When the first men came, they were makers and mages,
Hunters of the sacred beast within, gatherers of the season,
Out of endless glacial advances and retreats,
Out of millennial stagnation,
Suddenly there, growing out of all recognition,
With divine speed and audacity, becoming something other,
Something never seen before on earth,
Moving across the earth with invincible determination,
Settling the new lands of the spirit.
Clad in animal furs and hides against the cold,
They lived in bone huts covered with skins,
Expert tool-makers and flint-knappers crafting flint and bone
Into tools and weapons with brilliant ingenuity,
Continually experimenting, creating new kinds of objects
In antler, bone, ivory and flint, whatever they could find,
Suddenly expressing themselves in sculptures and engravings
Of humans and animals, and cave paintings.
They fashioned necklaces from animal teeth, seashells and stones,
And decorated their bodies with red ochre,
Tattooing their skin with fine bone needles;
They fashioned bone-whistles from reindeer toe bones
Pierced with a single hole through the centre,
And created bone flutes to play for fun and ritual.
They never rested in their search for beauty and utility,
Evolving new skills and techniques for working flint,
To create tools and blades of exquisite craftsmanship and beauty,
Achieved though patient dedication and invention.

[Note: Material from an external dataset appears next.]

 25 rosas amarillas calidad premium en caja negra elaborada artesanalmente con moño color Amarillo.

Out on the grassy plains and wooded valleys,
They felt the world’s long seasons turn,
The warm times yielding to the cold, and back again,
As the grasslands teemed with reindeer, hroses, deer, bison, ibex, mammoth.
Their special quarry was the beloved reindeer,
That they followed with awe and fascination, learning
Their daily movements and behaviour,
Each year following the vast herds’ migrations in spring and autumn,
Hunting and herding the munificent creatures
Whose every bone and fibre were manna from heaven.

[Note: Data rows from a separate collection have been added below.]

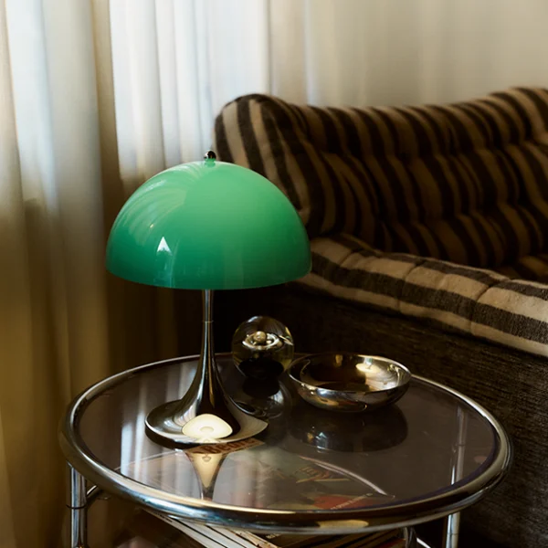 Panthella 250 Portable är en laddningsbar bordslampa som kombinerar funktion och form i ett ikoniskt designuttryck. Den kupolformade skärmen sprider ett mjukt, diffust ljus samtidigt som en del av ljuset riktas nedåt och reflekteras av den blanka lampfoten, vilket skapar ett behagligt ljus. Tack vare att lampan är portabel kan du enkelt placera den var som helst i ditt hem. Laddas smidigt via USB-C och levereras med en medföljande USB-C-kabel (adapter medföljer ej).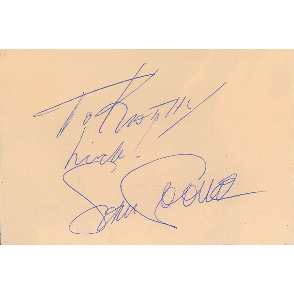 Two items: a ballpoint signature, "Little Richard," on a 2 x 3.25 photo clipped from a magazine and affixed to a same-size mount; and a ballpoint signature, "To Kathy, Luck! Sam Cooke," on a peach 5 x 3.25 album page. Both signatures are affixed on opposing pages inside a program for a presentation of The Little Richard Show held in October of 1962. In overall fine condition, with a creased corner tip to the Cooke signature, and slight creasing and wear to the program.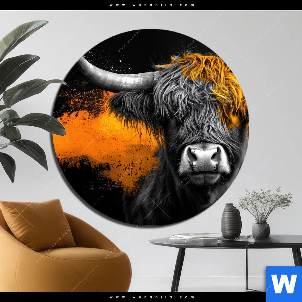 Alu-Dibond Bild | Zotteliges Hochland-Rind | Rund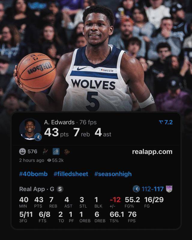 安东尼·爱德华兹轰下了43分,这照旧是他流畅第二场比赛砍下40+,他成为了NBA历史未满25岁拿到40+次数第四多的球员,仅次于乔丹、科比和麦迪。但这么的发扬却无法让他成绩一场顺利,甚而丛林狼输球的形式齐和上一场相同令东说念主无法意会。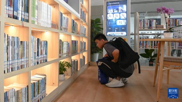在钦州东站,一名乘客在高铁读书驿站寻找心仪的书籍。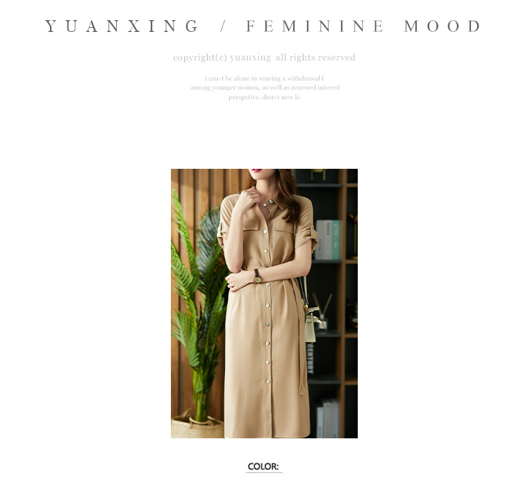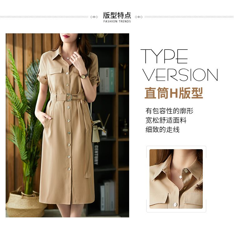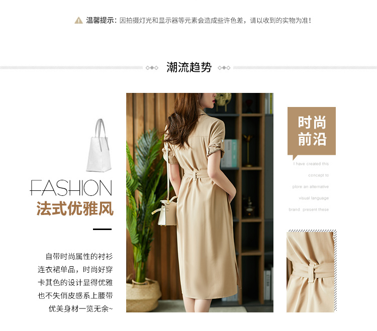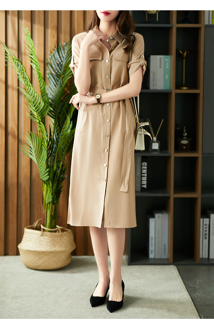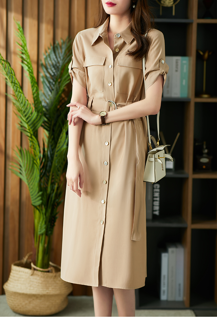 70169原形气质卡其色连衣裙女2024春夏季新款收腰中长款显瘦过膝裙子

Nothing was wasted; meat, bone, fur, skin, thread, oil and grease,
All were turned to human boons and graces.
But always they feared to doom themselves
By driving the herds to extinction,
And in their time they knew both feats and famine,
And kept their numbers down with infanticide, abortion and feuding.

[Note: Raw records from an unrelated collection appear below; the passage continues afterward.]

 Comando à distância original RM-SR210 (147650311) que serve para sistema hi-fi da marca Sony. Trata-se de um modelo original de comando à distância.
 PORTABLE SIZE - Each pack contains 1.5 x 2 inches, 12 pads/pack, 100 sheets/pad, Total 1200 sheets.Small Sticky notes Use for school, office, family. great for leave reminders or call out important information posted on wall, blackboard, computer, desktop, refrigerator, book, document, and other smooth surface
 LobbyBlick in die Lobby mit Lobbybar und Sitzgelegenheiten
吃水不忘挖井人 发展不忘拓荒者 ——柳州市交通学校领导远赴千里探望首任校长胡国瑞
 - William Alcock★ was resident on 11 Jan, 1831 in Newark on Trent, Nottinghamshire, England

They walked with death, afraid to love one another too much,
Ruthless in preserving themselves and the band,
Hunting and sleeping, dreaming and dancing for the gods.
In their little nomad clans they pursued the game,
Trekking far through wilderness, camping in tents or huts,
The clans congregating and dispersing in season,
Exchanging information, precious objects and ideas,
The artists seeking out the scared caves to make their mark.
They groped their way down deep into the darkness,
Into the inner sanctum of the earth, squeezing through narrow gaps,
Crawling and scrambling into claustral chambers,
Slithering down perilous slopes, drawn to the inaccessible,
To make the tiniest most constricted chambers their chapels,
Scarcely large enough for one or two to enter at a time,
Where few and seldom would ever dare to come,
Braving the arduous descent and the soul’s hazards.
Therein, they worked their magic on the walls,
Their skill the glory of the whole tribe,
Painting by the glimmer of little tallow lamps;
Invoking the spirits and deities of the earth,
They prayed for success in the hunt and the harvest,
Carving and painting hosts of beasts over walls, niches and corners,
Hunting and gathering the icons in their minds.
There they enacted the ceremonies of transcendence,
Seekers of perfection, delighting in the surprise and wonder
Their images would evoke in the visitor,
These real presences, these transubstantiations,
These animals moving in the spirit realm.
Their expert eyes traced the unseen in the seen,
Venerating horse and bison, ox, mammoth, ibex, stag and deer,
And the symbols in dots, lines and abstract shapes,
Giving each cave its own unique identity and unity.
They left their handprints and footprints on the rocks,
And laid the bones and skulls of bears out in worship,
And sculpted bears and bison with intense incantation.
Everywhere, they ground out cup-shapes in the rock,
And held funeral feasts before laying the dead in caves
With food and accoutrements to accompany their travels,
Placing them in sleeping position, ready to awaken
In the other world, the magical realm of the bear.
They lived by the waxing and waning of the moon,
Recording the phases and seasons, marking the salmon runs,
The cuckoo calls and shedding of horns, the birds’ flight,
The calving of reindeer, and the opening of flowers,
Enacting in themselves the mysteries of resurrection.